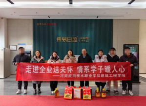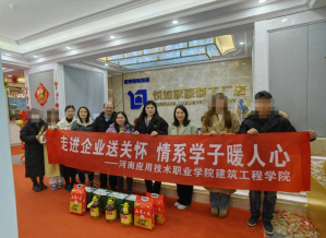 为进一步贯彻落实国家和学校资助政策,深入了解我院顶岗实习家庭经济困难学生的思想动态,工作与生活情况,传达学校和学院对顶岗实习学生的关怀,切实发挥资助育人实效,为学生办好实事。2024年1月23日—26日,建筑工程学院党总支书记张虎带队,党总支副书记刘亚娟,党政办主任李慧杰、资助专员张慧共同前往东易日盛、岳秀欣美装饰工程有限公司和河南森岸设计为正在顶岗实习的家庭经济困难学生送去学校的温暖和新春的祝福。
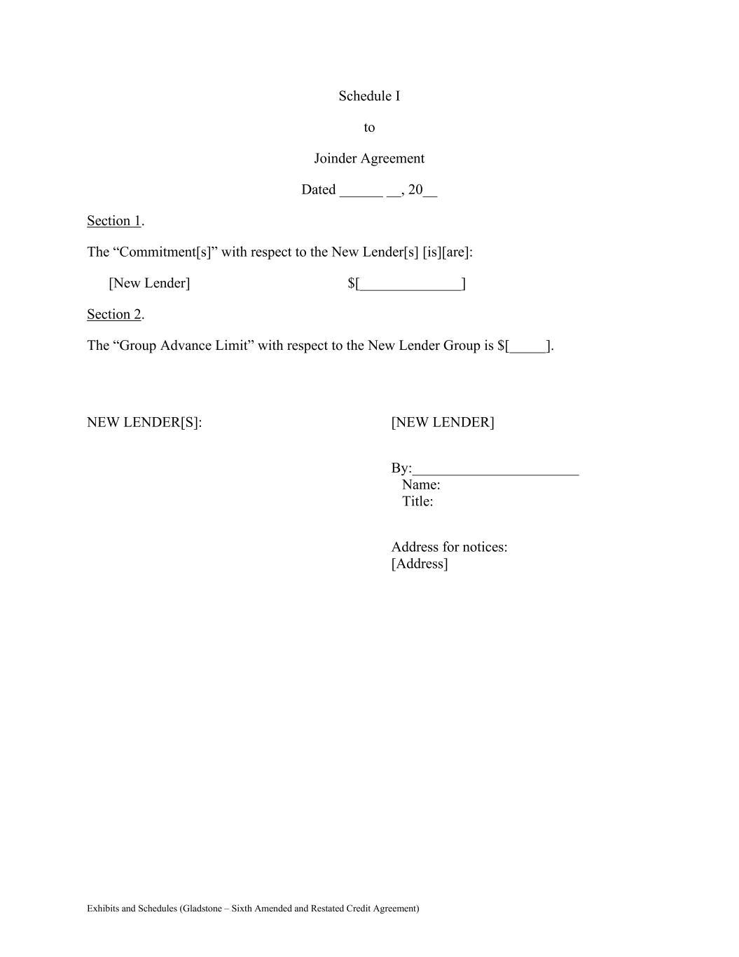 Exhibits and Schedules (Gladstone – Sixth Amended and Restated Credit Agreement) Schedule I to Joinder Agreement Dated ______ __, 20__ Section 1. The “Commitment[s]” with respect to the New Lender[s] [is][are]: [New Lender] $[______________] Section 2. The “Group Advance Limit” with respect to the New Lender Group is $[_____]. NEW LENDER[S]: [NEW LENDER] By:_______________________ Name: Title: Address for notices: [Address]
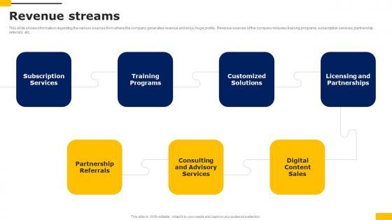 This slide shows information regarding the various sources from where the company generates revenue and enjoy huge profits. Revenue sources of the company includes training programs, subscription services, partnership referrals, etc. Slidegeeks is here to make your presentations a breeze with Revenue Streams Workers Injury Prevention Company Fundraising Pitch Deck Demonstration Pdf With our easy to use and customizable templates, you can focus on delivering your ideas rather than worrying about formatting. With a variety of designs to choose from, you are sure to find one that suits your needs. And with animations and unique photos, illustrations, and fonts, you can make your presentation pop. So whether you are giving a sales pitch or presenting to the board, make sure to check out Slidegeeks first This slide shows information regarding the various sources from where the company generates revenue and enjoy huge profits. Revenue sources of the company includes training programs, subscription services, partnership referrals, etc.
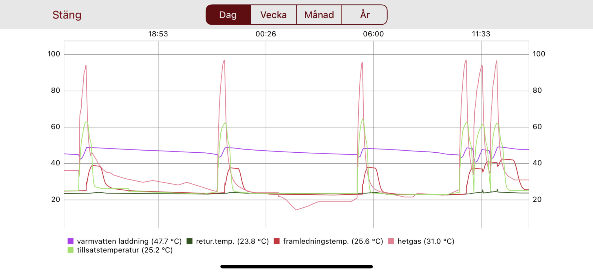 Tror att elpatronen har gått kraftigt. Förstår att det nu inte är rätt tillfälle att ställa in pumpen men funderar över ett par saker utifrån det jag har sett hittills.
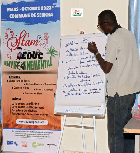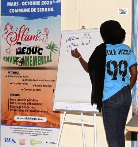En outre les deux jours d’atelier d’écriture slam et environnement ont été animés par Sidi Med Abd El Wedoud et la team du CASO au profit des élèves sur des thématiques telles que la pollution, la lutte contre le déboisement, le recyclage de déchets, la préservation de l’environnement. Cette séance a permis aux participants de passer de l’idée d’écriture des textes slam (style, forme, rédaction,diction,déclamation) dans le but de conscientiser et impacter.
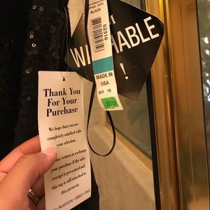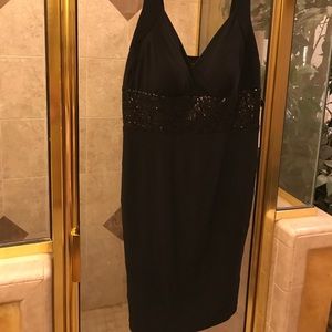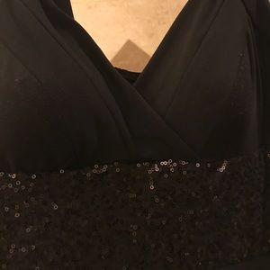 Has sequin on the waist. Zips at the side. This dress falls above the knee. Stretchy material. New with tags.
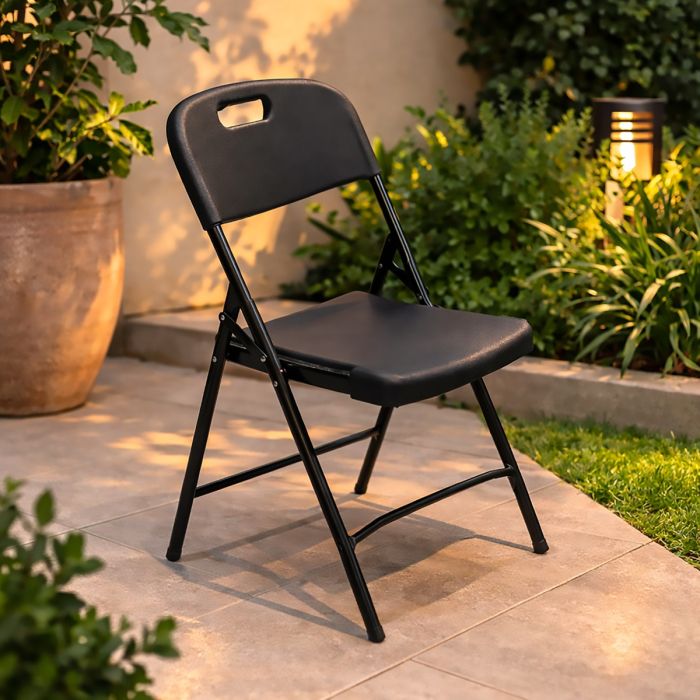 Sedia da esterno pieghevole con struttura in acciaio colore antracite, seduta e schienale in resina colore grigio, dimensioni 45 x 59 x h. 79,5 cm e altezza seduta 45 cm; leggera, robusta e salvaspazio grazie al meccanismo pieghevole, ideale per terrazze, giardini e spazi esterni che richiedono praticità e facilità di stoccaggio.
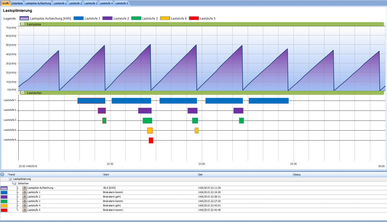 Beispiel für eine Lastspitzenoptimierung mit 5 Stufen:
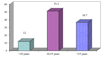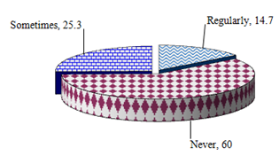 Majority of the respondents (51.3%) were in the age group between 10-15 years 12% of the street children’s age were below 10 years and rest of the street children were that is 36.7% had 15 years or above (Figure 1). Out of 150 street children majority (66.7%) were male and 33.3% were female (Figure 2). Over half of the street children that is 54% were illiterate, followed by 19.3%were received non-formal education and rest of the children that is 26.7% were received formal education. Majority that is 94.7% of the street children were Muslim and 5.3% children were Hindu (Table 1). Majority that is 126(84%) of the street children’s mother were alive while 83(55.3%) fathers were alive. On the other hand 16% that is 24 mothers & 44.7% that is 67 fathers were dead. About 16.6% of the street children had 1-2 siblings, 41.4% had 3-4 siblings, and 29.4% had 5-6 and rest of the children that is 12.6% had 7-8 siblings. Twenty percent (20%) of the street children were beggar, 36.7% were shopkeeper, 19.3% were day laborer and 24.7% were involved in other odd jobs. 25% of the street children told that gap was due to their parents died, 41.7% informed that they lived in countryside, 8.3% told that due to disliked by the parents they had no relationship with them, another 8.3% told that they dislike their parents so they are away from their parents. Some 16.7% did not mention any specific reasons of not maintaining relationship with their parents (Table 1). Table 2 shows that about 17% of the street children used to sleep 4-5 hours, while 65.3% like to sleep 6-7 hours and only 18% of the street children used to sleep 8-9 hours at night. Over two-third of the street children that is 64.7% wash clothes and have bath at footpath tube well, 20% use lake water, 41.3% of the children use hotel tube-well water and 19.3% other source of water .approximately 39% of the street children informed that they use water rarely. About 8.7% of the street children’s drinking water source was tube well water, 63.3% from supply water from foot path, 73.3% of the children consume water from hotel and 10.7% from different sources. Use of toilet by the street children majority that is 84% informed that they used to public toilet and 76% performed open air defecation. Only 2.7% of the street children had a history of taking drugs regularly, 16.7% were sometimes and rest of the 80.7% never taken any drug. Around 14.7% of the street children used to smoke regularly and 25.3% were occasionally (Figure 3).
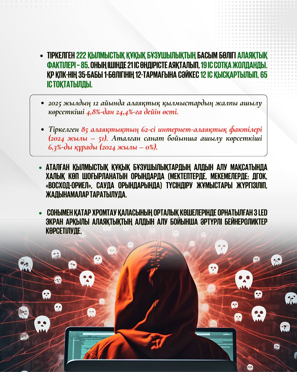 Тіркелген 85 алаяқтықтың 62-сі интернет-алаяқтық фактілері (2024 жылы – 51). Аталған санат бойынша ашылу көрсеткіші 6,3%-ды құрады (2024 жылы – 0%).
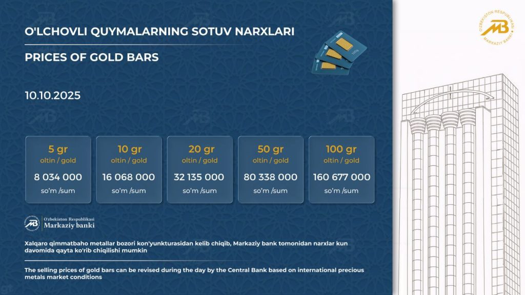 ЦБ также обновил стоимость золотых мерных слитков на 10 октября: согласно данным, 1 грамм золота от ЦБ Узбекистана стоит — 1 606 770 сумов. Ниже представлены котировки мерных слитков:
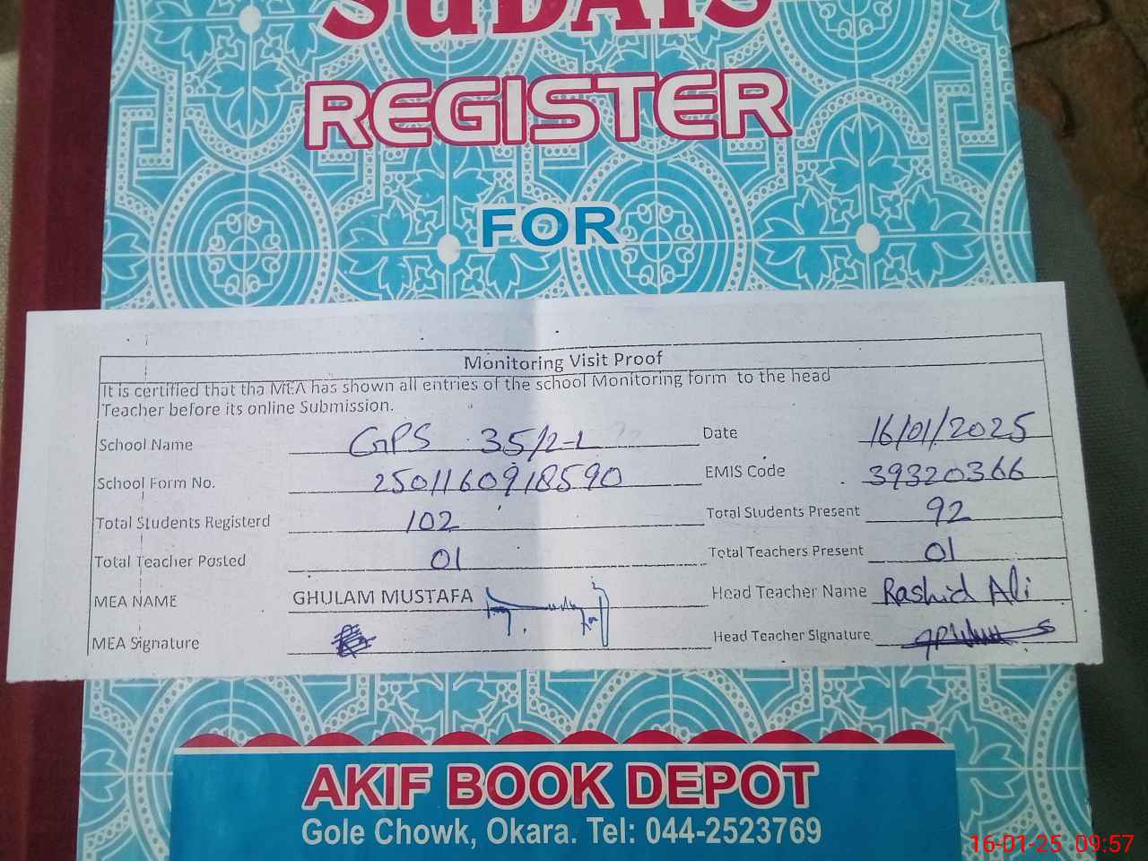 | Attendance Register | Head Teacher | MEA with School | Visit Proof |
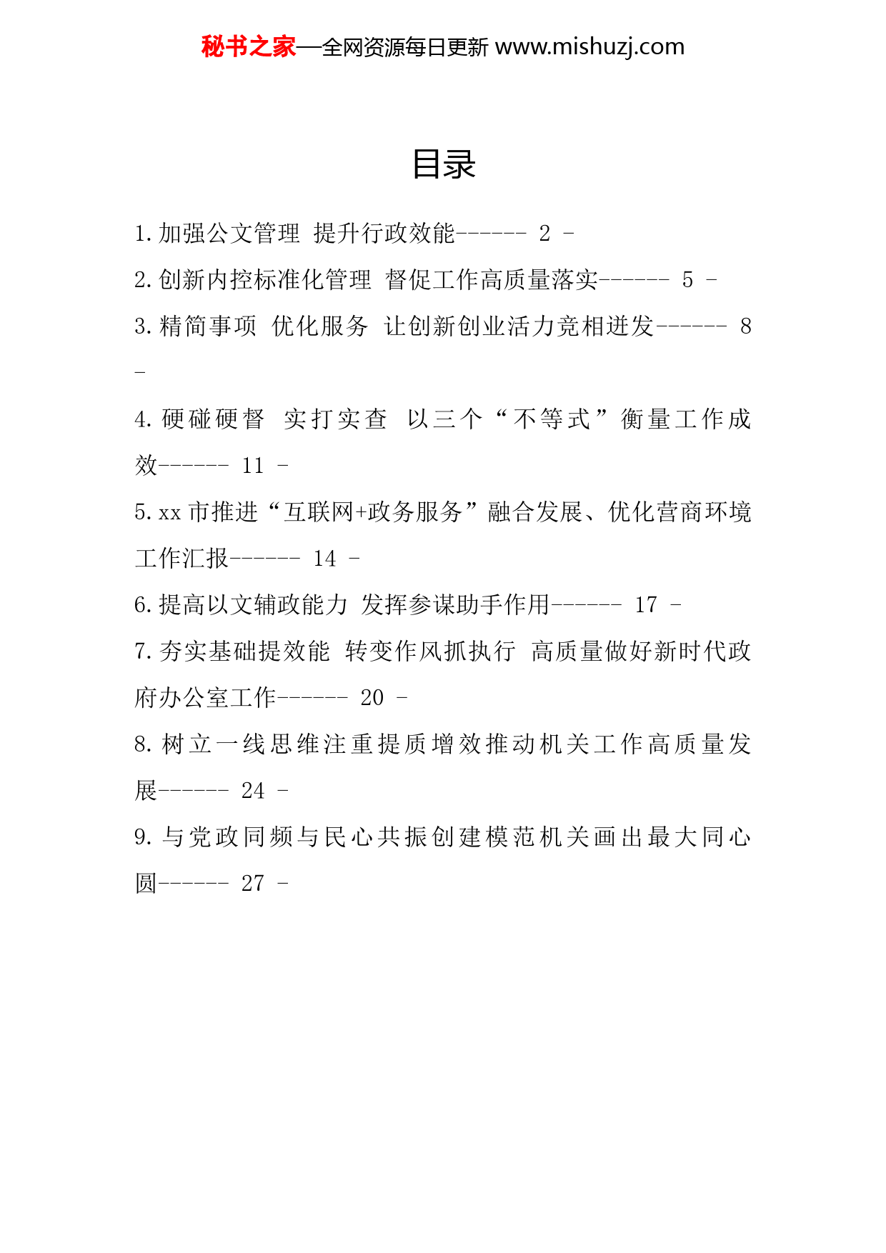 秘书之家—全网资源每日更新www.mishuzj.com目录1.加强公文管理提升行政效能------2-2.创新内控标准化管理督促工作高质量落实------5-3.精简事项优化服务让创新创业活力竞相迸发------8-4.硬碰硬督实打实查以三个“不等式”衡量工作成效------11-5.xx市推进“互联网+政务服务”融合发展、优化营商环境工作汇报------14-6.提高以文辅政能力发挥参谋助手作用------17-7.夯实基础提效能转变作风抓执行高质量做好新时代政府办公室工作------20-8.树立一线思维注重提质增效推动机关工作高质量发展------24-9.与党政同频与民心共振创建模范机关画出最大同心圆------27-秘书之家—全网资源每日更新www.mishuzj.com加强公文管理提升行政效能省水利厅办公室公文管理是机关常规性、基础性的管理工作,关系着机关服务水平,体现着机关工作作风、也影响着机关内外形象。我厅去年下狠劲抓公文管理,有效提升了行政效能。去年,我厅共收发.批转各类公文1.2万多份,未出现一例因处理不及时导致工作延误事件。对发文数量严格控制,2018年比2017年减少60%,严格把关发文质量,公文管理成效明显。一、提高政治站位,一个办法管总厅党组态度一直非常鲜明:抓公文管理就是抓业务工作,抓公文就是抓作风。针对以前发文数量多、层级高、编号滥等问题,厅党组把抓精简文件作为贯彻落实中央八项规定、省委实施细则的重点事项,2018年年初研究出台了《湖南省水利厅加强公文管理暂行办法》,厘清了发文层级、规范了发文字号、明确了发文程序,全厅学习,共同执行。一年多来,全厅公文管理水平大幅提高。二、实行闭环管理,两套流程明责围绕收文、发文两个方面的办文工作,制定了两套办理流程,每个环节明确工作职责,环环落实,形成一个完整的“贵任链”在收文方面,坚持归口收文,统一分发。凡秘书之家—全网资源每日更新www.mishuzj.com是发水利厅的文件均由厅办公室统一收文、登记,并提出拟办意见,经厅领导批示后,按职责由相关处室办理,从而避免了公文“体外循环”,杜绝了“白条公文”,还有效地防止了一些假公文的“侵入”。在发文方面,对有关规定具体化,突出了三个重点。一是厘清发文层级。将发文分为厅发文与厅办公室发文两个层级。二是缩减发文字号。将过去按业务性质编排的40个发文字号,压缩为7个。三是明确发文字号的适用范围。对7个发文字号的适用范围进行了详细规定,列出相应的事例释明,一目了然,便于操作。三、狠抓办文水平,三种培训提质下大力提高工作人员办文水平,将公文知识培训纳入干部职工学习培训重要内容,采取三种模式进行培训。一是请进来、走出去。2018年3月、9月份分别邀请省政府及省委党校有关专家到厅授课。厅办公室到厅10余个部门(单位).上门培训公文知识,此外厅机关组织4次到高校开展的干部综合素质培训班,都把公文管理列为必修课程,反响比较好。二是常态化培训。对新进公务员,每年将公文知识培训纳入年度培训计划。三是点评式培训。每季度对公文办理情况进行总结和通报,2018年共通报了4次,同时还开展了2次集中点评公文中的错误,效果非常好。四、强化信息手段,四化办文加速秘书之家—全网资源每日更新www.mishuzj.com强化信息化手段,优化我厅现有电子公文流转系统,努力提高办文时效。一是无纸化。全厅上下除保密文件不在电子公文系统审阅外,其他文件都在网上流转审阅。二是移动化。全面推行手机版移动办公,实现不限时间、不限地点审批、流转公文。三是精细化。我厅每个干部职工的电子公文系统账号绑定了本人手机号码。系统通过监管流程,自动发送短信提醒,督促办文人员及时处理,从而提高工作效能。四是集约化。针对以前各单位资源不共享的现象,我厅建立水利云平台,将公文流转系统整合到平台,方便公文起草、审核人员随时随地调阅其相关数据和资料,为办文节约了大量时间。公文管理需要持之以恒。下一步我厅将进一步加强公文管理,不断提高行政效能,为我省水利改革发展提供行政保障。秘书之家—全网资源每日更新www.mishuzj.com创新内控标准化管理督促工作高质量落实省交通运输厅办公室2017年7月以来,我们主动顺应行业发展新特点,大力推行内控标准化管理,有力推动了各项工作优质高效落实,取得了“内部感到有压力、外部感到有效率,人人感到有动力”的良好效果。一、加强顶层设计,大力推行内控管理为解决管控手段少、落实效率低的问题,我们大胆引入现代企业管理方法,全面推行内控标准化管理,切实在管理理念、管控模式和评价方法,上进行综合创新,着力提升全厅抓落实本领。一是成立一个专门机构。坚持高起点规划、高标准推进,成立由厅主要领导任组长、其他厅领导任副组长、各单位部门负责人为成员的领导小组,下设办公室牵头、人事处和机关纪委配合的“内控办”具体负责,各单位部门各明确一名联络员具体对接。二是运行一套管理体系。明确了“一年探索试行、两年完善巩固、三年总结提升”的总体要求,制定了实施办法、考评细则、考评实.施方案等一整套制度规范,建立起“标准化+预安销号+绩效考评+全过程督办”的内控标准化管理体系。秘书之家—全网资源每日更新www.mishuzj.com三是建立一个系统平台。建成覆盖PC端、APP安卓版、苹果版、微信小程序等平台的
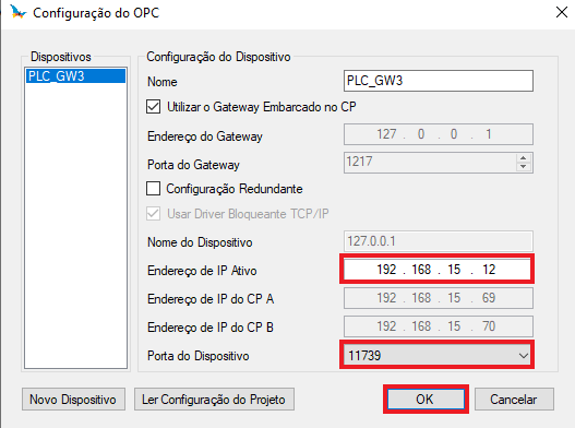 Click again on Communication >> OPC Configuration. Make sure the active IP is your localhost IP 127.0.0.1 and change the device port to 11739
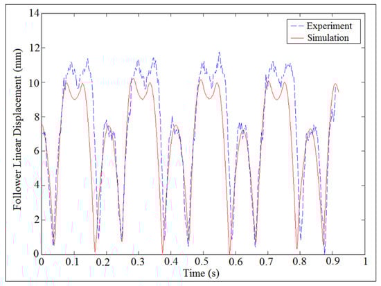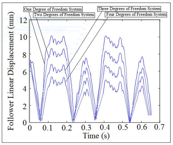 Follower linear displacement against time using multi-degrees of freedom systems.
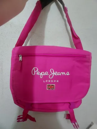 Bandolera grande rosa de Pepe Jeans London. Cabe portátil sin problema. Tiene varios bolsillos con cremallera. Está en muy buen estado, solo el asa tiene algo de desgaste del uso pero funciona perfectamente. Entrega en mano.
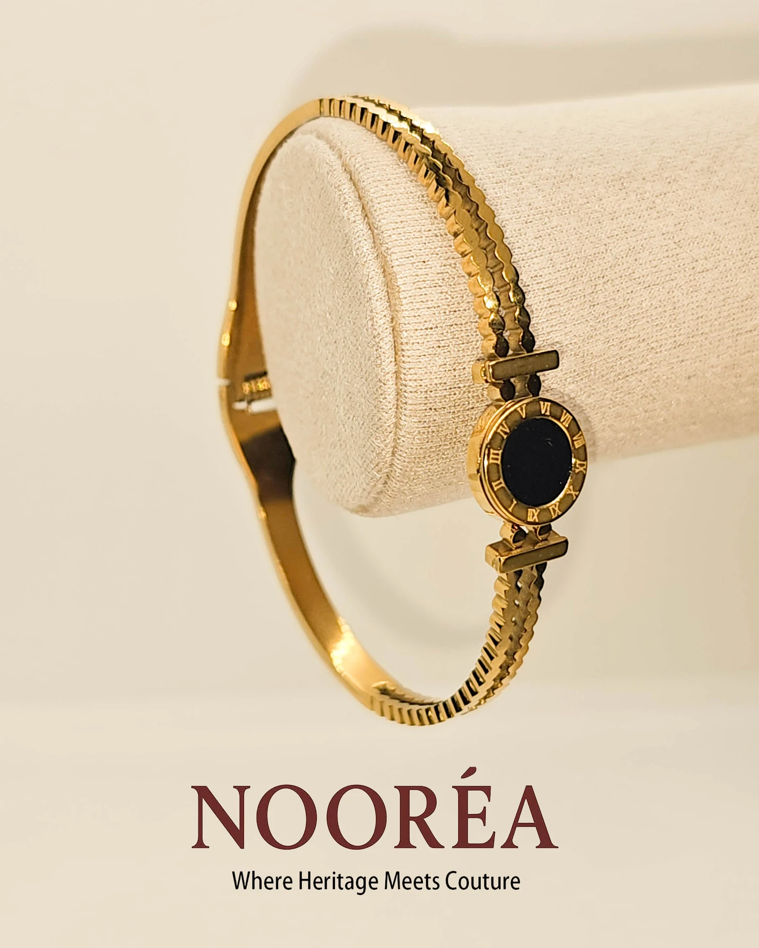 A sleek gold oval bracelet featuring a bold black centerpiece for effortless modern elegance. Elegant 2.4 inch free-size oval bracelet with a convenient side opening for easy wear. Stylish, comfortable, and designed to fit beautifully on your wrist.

INSTRUCTIONS FOR THE TASK – Extract the part of the records that opens with the line containing "Tror att elpatronen" and closes with the line containing "Beispiel für eine". Take only those lines, exactly, and no pictures.

RESPONSE FOR THIS EXERCISE –
 Tror att elpatronen har gått kraftigt. Förstår att det nu inte är rätt tillfälle att ställa in pumpen men funderar över ett par saker utifrån det jag har sett hittills.
En outre les deux jours d’atelier d’écriture slam et environnement ont été animés par Sidi Med Abd El Wedoud et la team du CASO au profit des élèves sur des thématiques telles que la pollution, la lutte contre le déboisement, le recyclage de déchets, la préservation de l’environnement. Cette séance a permis aux participants de passer de l’idée d’écriture des textes slam (style, forme, rédaction,diction,déclamation) dans le but de conscientiser et impacter.
 Has sequin on the waist. Zips at the side. This dress falls above the knee. Stretchy material. New with tags.
 Sedia da esterno pieghevole con struttura in acciaio colore antracite, seduta e schienale in resina colore grigio, dimensioni 45 x 59 x h. 79,5 cm e altezza seduta 45 cm; leggera, robusta e salvaspazio grazie al meccanismo pieghevole, ideale per terrazze, giardini e spazi esterni che richiedono praticità e facilità di stoccaggio.
 Beispiel für eine Lastspitzenoptimierung mit 5 Stufen:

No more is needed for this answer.